Heightened Risks Seen as Agentic AI Gains Traction: Report

With 95 percent of enterprises facing cyber incidents, new research reveals a wide gap between AI adoption and responsible AI readiness, exposing most enterprises to reputational risks and financial loss, according to Infosys Knowledge Institute (IKI).

The research arm of Infosys, a global provider of next-generation digital services and consulting, highlighted critical insights into the state of responsible AI (RAI) implementation across enterprises, particularly with the advent of agentic AI.

The report, “Responsible Enterprise AI in the Agentic Era,” surveyed over 1,500 business executives and interviewed 40 senior decision-makers across Australia, France, Germany, the UK, the US, and New Zealand.

Findings show that while 78 percent of companies see RAI as a business growth driver, only 2 percent have adequate RAI controls in place to safeguard against reputational risk and financial loss

The report analyzed risks resulting from poorly implemented AI, like privacy violations, ethical violations, bias or discrimination, regulatory non-compliance, inaccurate or harmful predictions, among others. It found that 77 percent of organizations reported financial loss, and 53 percent of organizations have suffered reputational impact from such AI-related incidents.

“Enterprises are navigating a complex landscape, where AI’s promise of growth is accompanied by significant operational and ethical risks,” said Jeff Kavanaugh, head of Infosys Knowledge Institute, “Our research clearly shows that while many are recognizing the importance of Responsible AI, there’s a substantial gap in practical implementation.
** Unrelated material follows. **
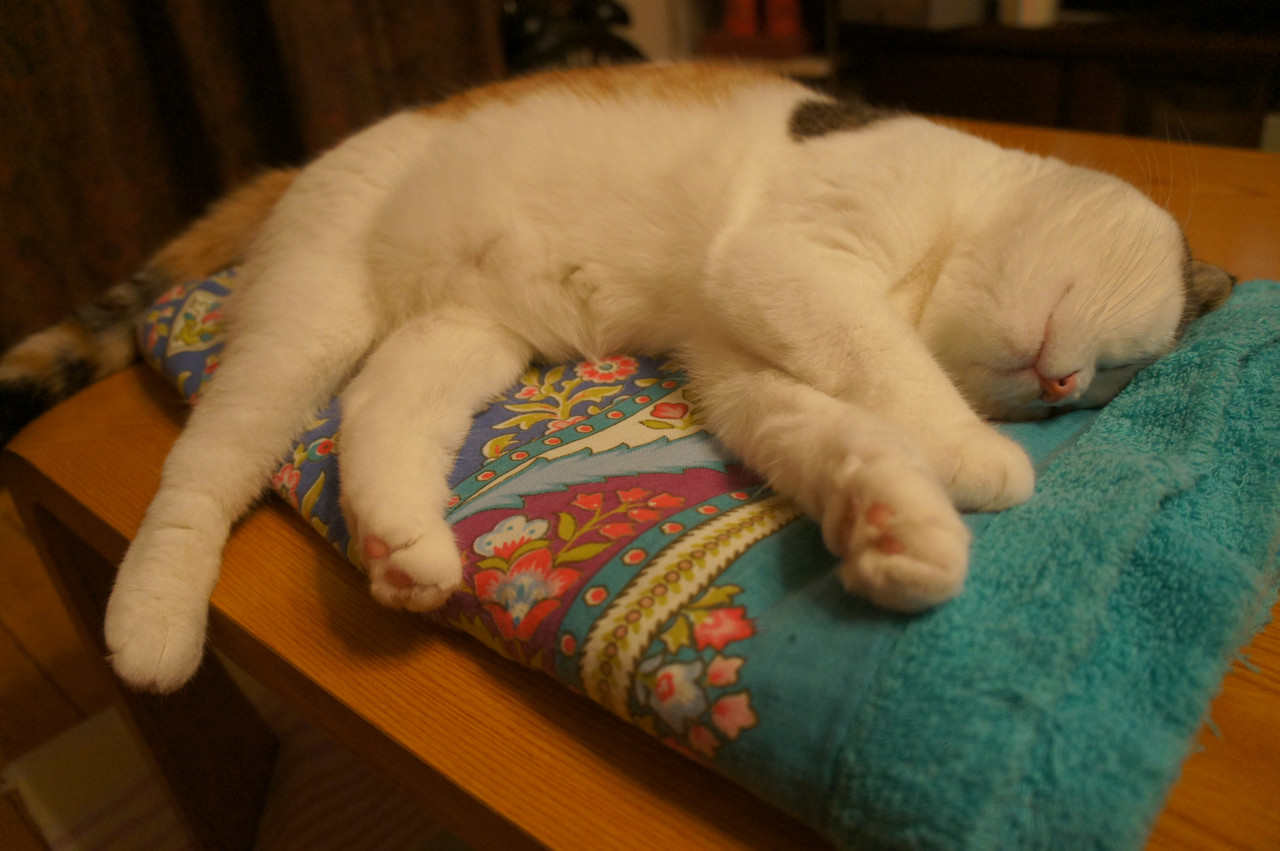 洗ってたたんでおいたブランケッドの上でいつの間にやら・・・。

Companies that prioritize robust, embedded RAI safeguards will not only mitigate risks and potentially reduce financial losses but also unlock new revenue streams and thrive as we transition into the transformative agentic AI era.”

AI risks are widespread and can be severe, with 95 percent of C-suite and director-level executives reporting AI-related incidents in the past two years.

Nearly 39 percent characterize the damage experienced from such AI issues as “severe” or “extremely severe,” and 86 percent of executives aware of agentic AI believe it will introduce new risks and compliance issues.

Responsible AI (RAI) capability is patchy and inefficient for most enterprises, the research arm of Infosys found.

Only 2 percent of companies (termed “RAI leaders”) met the full standards set in the Infosys RAI capability benchmark – termed “RAISE BAR”, with 15 percent (RAI followers) meeting three-quarters of the standards.

The “RAI leader” cohort experienced 39 percent lower financial losses and 18 percent lower severity resulting from AI incidents.

To achieve these results, leaders developed improved AI explainability, proactively evaluated and mitigated against bias, rigorously tested and validated AI initiatives, and had a clear incident response plan.

Executives view RAI as a growth driver, with 78 percent of senior leaders viewing RAI as aiding revenue growth, and 83 percent indicating that future AI regulations would boost, rather than inhibit the number of future AI initiatives.

On average, companies believe they are underinvesting in RAI by 30 percent.

“With the scale of enterprise AI adoption far outpacing readiness, companies must urgently shift from treating RAI as a reactive compliance obligation to embracing it proactively as a strategic advantage,” the report stated.

“Drawing from our extensive experience working with clients on their AI journeys, we have seen firsthand how delivering more value from enterprise AI use cases would require enterprises to first establish a responsible foundation built on trust, risk mitigation, data governance, and sustainability,” said Balakrishna D.R., EVP – global services head, AI and Industry Verticals at Infosys. “This also means emphasizing ethical, unbiased, safe, and transparent model development. To realize the promise of this technology in the agentic AI future, leaders should strategically focus on platform and product-centric enablement and proactive vigilance of their data estate. Companies should not discount the important role a centralized RAI office plays as enterprise AI scales, and new regulations come into force.”

To help organizations build scalable, trusted AI systems that fuel growth while mitigating risk, Infosys recommends the following actions:

  • Study the practices of high-maturity RAI organizations that have already faced diverse incident types and developed robust governance.
  • Combine decentralized product innovation with centralized RAI guardrails and oversight.
  • Use platform-based environments that enable AI agents to operate within pre-approved data and systems.
  • Create a centralized function to monitor risk, set policy, and scale governance.